DATA START

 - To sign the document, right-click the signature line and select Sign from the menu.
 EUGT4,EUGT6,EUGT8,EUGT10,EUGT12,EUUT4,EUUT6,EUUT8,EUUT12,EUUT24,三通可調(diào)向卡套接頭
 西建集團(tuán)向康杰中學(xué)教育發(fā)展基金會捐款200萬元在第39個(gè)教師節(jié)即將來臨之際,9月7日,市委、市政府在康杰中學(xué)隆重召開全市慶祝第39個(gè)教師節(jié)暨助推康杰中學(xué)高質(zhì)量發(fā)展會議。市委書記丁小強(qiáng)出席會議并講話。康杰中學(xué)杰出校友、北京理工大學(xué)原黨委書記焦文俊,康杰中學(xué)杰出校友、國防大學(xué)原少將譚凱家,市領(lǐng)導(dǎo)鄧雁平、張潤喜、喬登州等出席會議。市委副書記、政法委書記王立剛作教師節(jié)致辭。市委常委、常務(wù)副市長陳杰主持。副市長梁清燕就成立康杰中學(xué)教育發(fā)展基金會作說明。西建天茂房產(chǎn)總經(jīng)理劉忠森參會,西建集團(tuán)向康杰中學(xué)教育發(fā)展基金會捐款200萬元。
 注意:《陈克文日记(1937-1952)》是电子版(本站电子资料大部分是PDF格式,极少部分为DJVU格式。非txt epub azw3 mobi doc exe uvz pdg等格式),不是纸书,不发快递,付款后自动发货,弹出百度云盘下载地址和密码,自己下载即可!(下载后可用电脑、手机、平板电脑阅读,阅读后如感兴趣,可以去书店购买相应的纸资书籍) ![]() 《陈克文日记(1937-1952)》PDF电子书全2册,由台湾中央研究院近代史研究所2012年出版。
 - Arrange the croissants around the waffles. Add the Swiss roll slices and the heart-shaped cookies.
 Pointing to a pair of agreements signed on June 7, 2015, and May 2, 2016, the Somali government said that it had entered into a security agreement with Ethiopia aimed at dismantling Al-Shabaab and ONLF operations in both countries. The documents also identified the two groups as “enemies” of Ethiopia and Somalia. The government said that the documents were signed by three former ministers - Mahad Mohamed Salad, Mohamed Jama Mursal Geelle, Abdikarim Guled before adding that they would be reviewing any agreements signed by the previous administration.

DATA END
DATA START

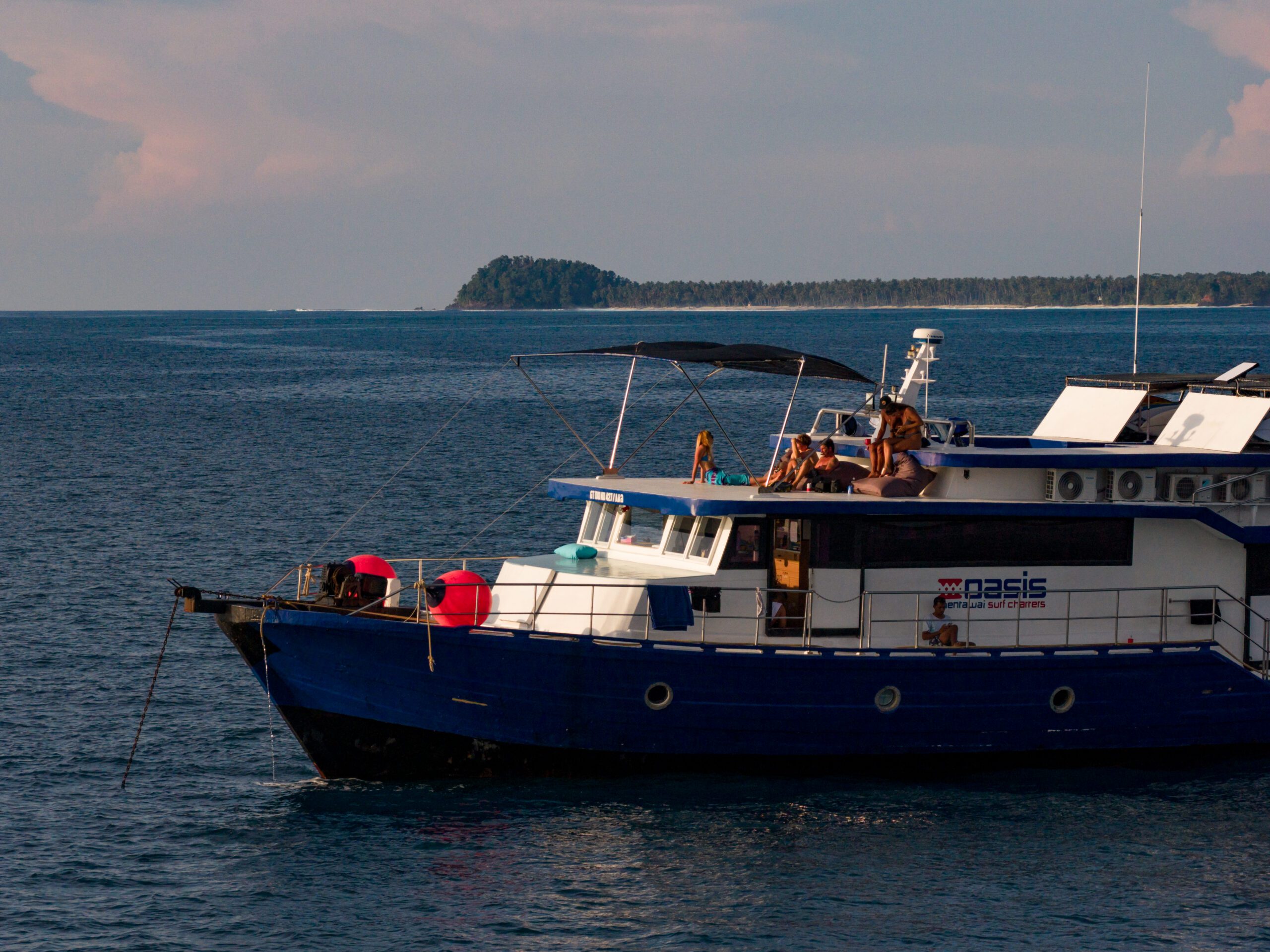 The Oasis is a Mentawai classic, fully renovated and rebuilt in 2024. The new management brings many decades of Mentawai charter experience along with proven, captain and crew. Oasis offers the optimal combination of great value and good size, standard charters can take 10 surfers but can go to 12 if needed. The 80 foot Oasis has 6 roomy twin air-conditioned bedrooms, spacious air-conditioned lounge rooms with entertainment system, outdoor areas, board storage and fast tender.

DATA END

INSTRUCTIONS TO FOLLOW:
In the listing above, transcribe exactly everything from the line containing "EUGT4,EUGT6,EU" down to the line containing "Pointing to a", including both and nothing more.

ANSWER TO THE PROBLEM:
 EUGT4,EUGT6,EUGT8,EUGT10,EUGT12,EUUT4,EUUT6,EUUT8,EUUT12,EUUT24,三通可調(diào)向卡套接頭
 西建集團(tuán)向康杰中學(xué)教育發(fā)展基金會捐款200萬元在第39個(gè)教師節(jié)即將來臨之際,9月7日,市委、市政府在康杰中學(xué)隆重召開全市慶祝第39個(gè)教師節(jié)暨助推康杰中學(xué)高質(zhì)量發(fā)展會議。市委書記丁小強(qiáng)出席會議并講話。康杰中學(xué)杰出校友、北京理工大學(xué)原黨委書記焦文俊,康杰中學(xué)杰出校友、國防大學(xué)原少將譚凱家,市領(lǐng)導(dǎo)鄧雁平、張潤喜、喬登州等出席會議。市委副書記、政法委書記王立剛作教師節(jié)致辭。市委常委、常務(wù)副市長陳杰主持。副市長梁清燕就成立康杰中學(xué)教育發(fā)展基金會作說明。西建天茂房產(chǎn)總經(jīng)理劉忠森參會,西建集團(tuán)向康杰中學(xué)教育發(fā)展基金會捐款200萬元。
 注意:《陈克文日记(1937-1952)》是电子版(本站电子资料大部分是PDF格式,极少部分为DJVU格式。非txt epub azw3 mobi doc exe uvz pdg等格式),不是纸书,不发快递,付款后自动发货,弹出百度云盘下载地址和密码,自己下载即可!(下载后可用电脑、手机、平板电脑阅读,阅读后如感兴趣,可以去书店购买相应的纸资书籍) ![]() 《陈克文日记(1937-1952)》PDF电子书全2册,由台湾中央研究院近代史研究所2012年出版。
 - Arrange the croissants around the waffles. Add the Swiss roll slices and the heart-shaped cookies.
 Pointing to a pair of agreements signed on June 7, 2015, and May 2, 2016, the Somali government said that it had entered into a security agreement with Ethiopia aimed at dismantling Al-Shabaab and ONLF operations in both countries. The documents also identified the two groups as “enemies” of Ethiopia and Somalia. The government said that the documents were signed by three former ministers - Mahad Mohamed Salad, Mohamed Jama Mursal Geelle, Abdikarim Guled before adding that they would be reviewing any agreements signed by the previous administration.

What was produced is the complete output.